■ **Work to be completed**: Begin with the line holding "Wooden Vase Aroma" and end with the last line of the records below. Set down exactly those lines and leave out every picture.

- Opening Delimiter -

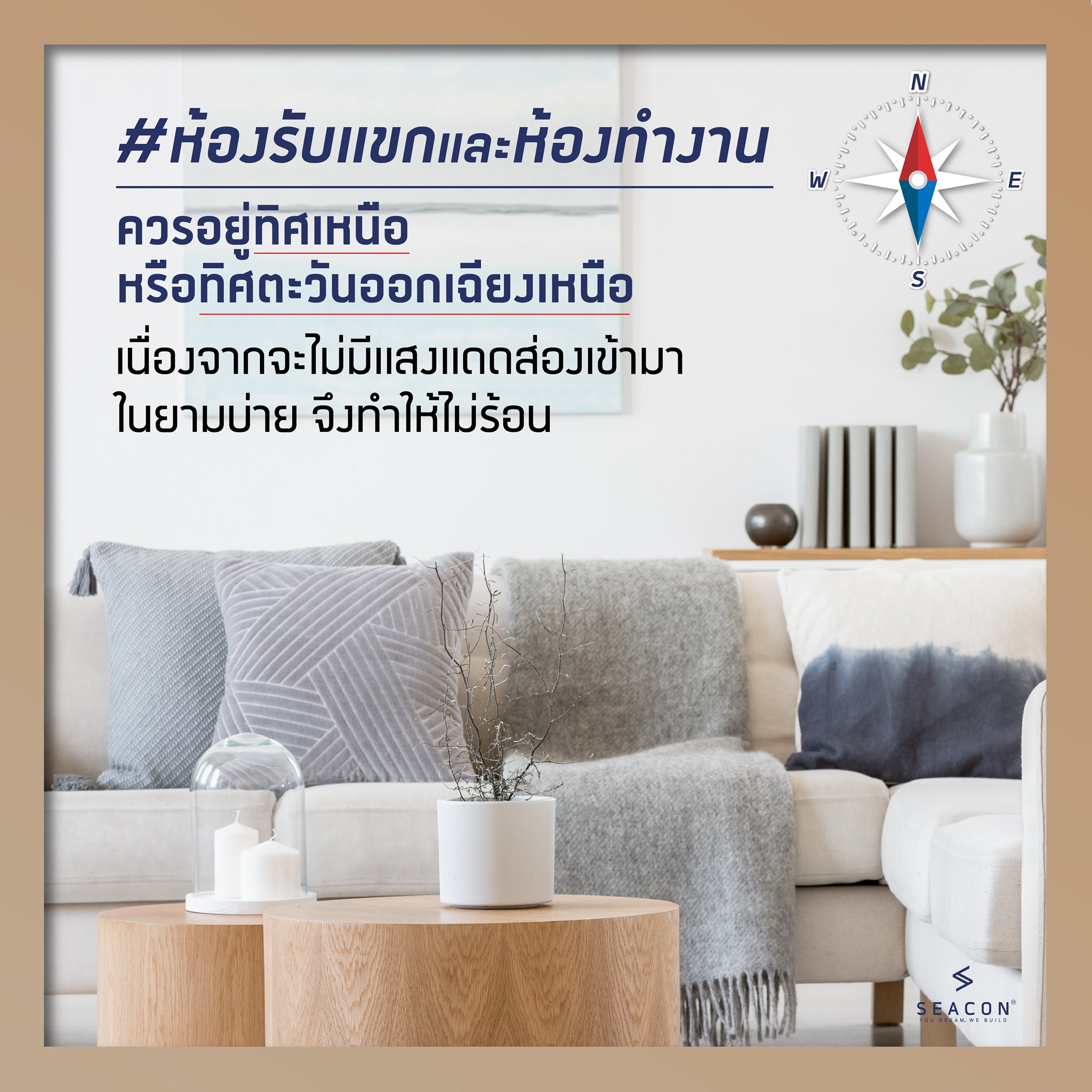 🖼🖌ควรอยู่ทางทิศเหนือหรือทิศตะวันออกเฉียงเหนือ เนื่องจากจะไม่มีแสงแดดส่องเข้ามาในยามบ่าย จึงทำให้ไม่ร้อน และสามารถนั่งพักผ่อนหรือทำงานได้ตลอดทั้งวัน แต่ทั้งนี้ห้องรับแขกที่ดีควรอยู่ส่วนหน้า เพื่อที่แขกไปใครมาจะได้สามารถใช้งานได้สะดวก สามารถมองเห็นวิว หรือบรรยากาศภายนอกได้ เพื่อให้แขกที่มาเยือนรู้สึกผ่อนคลาย
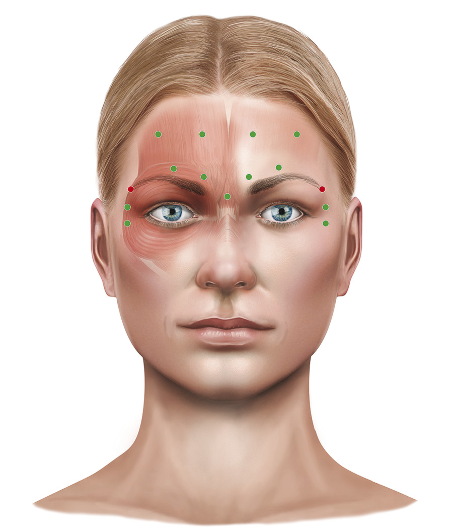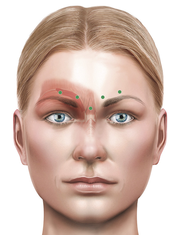 Fig. 14.7 The typical sites of injection for the balanced treatment of horizontal forehead lines while trying to maintain a good height and contour to the brows.
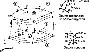 2.10.86. SOLID191 - трехмерный (3D) многослойный объемный элемент задач МДТТ с двадцатью узлами Описание элемента Элемент>б1.Ш191 является многослойной версией объемного элемента задач МДЗТс двадцатью узлами (SOLID95), предназначенного для моделирования толстых многослойных оболочек или объемных тел. Элемент допускает применение до 100 слоев. При необходимости использования более 100 слоев допускается применение элементов, уложенных в несколько слоев. Элемент определяется двадцатью узлами, имеющими три степени свободы в каждом узле: перемещения в направлении осей X, Y и Z системы координат элемента. Элемент поддерживает свойство изменения жесткости при приложении нагрузки. Для элемента могут применяться различные опции вывода результатов. Аналогичным элементом с восемью узлами является SOLID46. Аналогичным элементом оболочки является элемент SHELL91. Исходные данные элемента Геометрия, расположение узлов и система координат элемента показаны на рис. 2.86. Элемент определяется двадцатью узлами, значениями толщины слоев, углами направления материала слоя и свойствами ортотропного материала. Отношение модулей сдвига GXZ и GYZ не должно превышать значения 10 000. Для изменения ориентации элементов (после автоматического построения сетки) требуется использование команды EORIENT. Путем использования команды EORIENT можно вынудить элементы SOLID 191 соответствовать элементу, имеющему требуемую ориентацию, или назначить ориентацию, насколько возможно, параллельной указанной оси. Ось Z элемента определена в качестве нормали к ссылочной плоскости при помощи геометрической характеристики ![]() KREF. По умолчанию ось X элемента является проекцией ребер I-J и M-N на ссылочную плоскость. Ориентация в пределах плоскости слоев может быть изменена командой ESYS тем же самым способом, который используется для элементов оболочки, как описано в п. 2.2 Системы координат в главе 2. Общее количество слоев (до 100) должно быть указано (NL). Если свойства слоев являются симметричными относительно срединной rToTserjXHOcra элемента (LSYM = 1), требуется указывать только половину свойств, вш1гЗ!бьдо среднего слоя (если таковой имеется). В противном случае (LSYM = 0) требуетхщ^указы-вать свойства всех слоев. Свойства материала каждого слоя могут являться ортотропными в плоскости4* элемента. Геометрическая характеристика МАТ используется для указания номера материала слоя вместо номера материала, присваиваемого элементу командой МАТ. Если номер не указывается, по умолчанию МАТ равно 1. Направление оси X для материала соответствует направлению X локальной системы координат слоя. Для указания глобальных значений демпфирования используется команда BETAD. Если для номера материала элемента применена команда MP.DAMP (номер указан командой МАТ), для элемента используется это значение, а не значение, указанное командой BETAD. Аналогично для указания глобального значения ссылочной температуры применяется команда TREF. Если для номера материала элемента применена команда MP.REFT, для элемента используется это значение, а не значение, указанное командой TREF. Но если для номера материала слоя применена команда MP,REFT, используется это значение, а не значение, указанное в качестве глобального или элементного. Каждый слой многослойного объемного элемента может иметь переменную толщину (ТК). Толщина слоя считается изменяющейся б
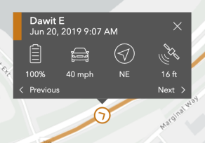 - Tracks—The lines on the map are the tracks of mobile users. Click a track to see details about that point along the track, including the mobile user to whom it belongs, the time stamp, the device's battery level, the speed and activity type, the direction the user was heading, and the GPS accuracy of that track point. You can access previous and next track points for that mobile user by clicking Previous and Next at the bottom of the details.
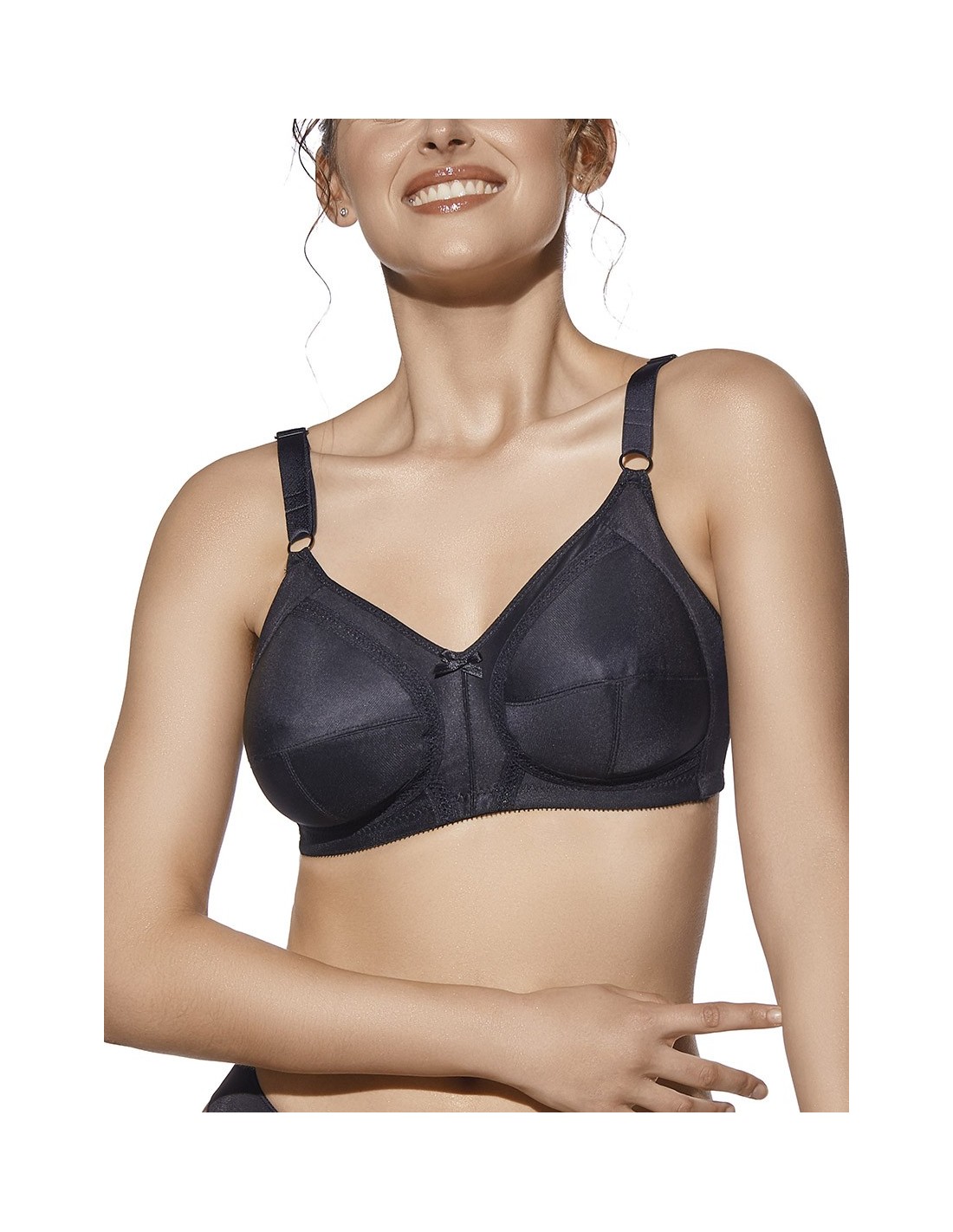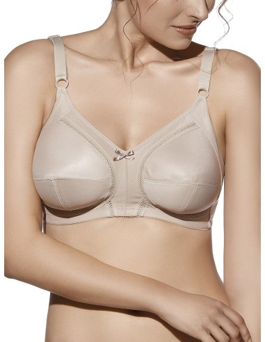 Sujetador con aros y copa de relleno,con tirantes. Elegante tejido fino. Tirante ancho con regulador. Cierre de 4 posiciones.
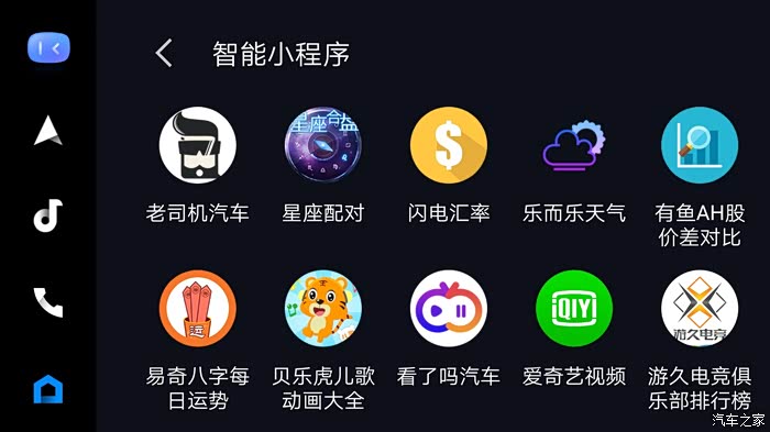 最新版的里面有个小程序可以看手机里有的爱奇艺优酷,但是只能停车看,开车不行
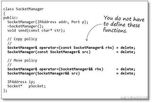 "The Rule of The Big Four (and a half)" 指的是, 如果你编写了上述其中一个函数, 你必须为其他函数定义一个策略. 这不是意味着你必须实现其他函数. 实际上, 你必须为你创建的类提供一套资源管理策略. 你的策略可以是以下其中之一:
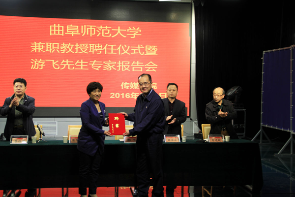 5月3日上午,游飞先生兼职教授聘任仪式暨《中国人的电影梦》专家报告会在传媒学院演播厅隆重举行。副校长康淑敏出席仪式,并为游飞先生颁发兼职教授聘书。聘任仪式由老虎机
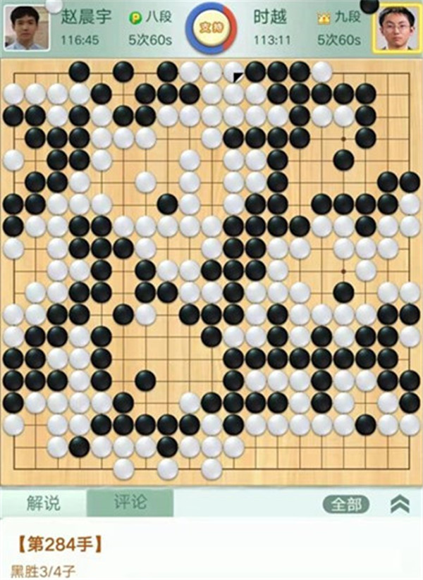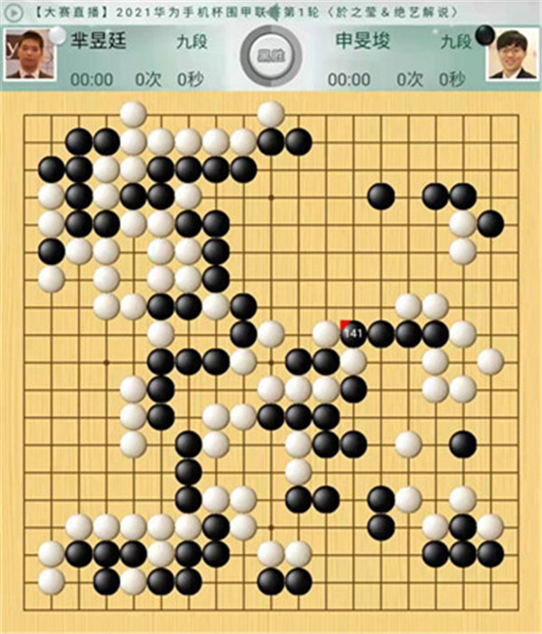 今日比赛中,申旻俊主将执黑对阵新二冠芈昱廷,开局左上角申旻俊配合小米使出芈氏飞刀,结果是飞刀不成功黑棋局面领先。中盘黑棋攻击中央白棋时,白棋脱先抢占实地。被黑手起刀落斩杀大龙,局终。快棋台,去年屡立战功的戎毅七段执白对阵黄云嵩七段,行棋稳健,占居三个角之后,又在中间活出一大块,行棋至194手胜。三台陶欣然八段对阵陈贤八段,行棋222手白中盘胜。四台时越九段对赵晨宇一战,行至284手,以四分之三子微弱优势取胜。
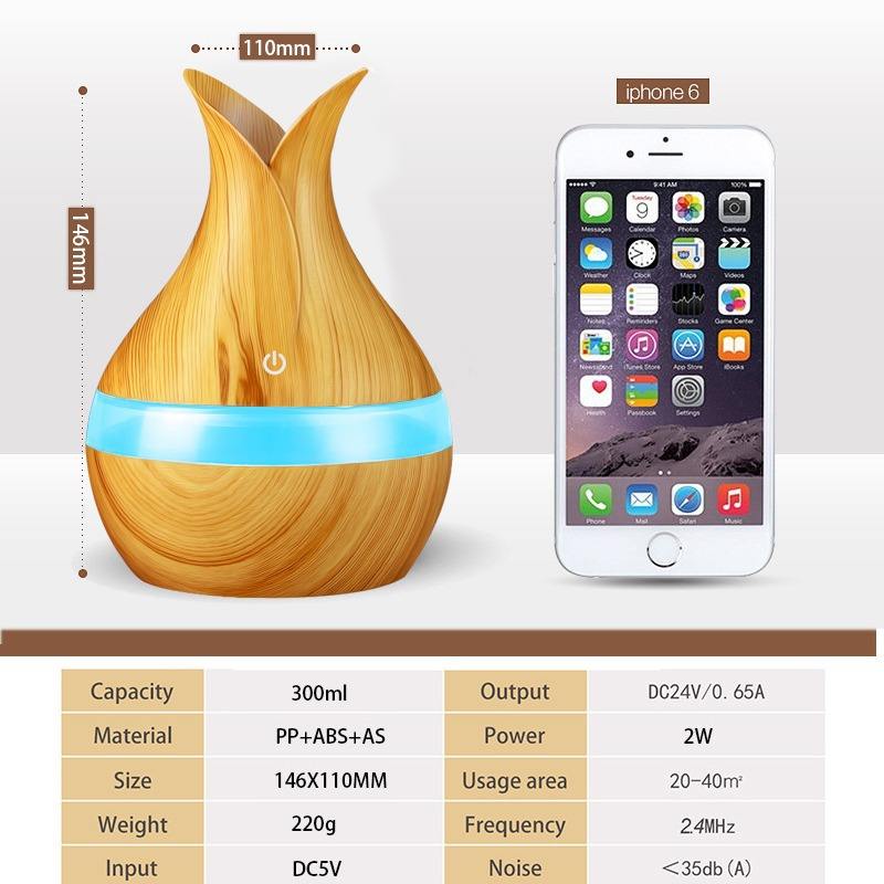 Wooden Vase Aroma Diffuser USB Humidifier 0.5L Remote Control Ultrasonic Fog Type For Home Office
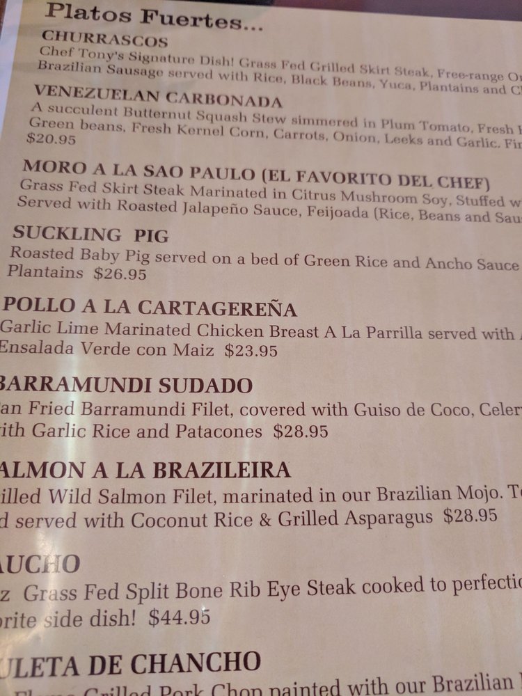 Chef Tony's Signature Dish! Grass Fed Skirt Steak, Free-range Organic Chicken Breast and Brazilian Sausage served with Rice, Black Beans, Yuca, Plantains and Chimichurri Sauce

- Closing Delimiter -

■ **Answer below**:
 Wooden Vase Aroma Diffuser USB Humidifier 0.5L Remote Control Ultrasonic Fog Type For Home Office
 Chef Tony's Signature Dish! Grass Fed Skirt Steak, Free-range Organic Chicken Breast and Brazilian Sausage served with Rice, Black Beans, Yuca, Plantains and Chimichurri Sauce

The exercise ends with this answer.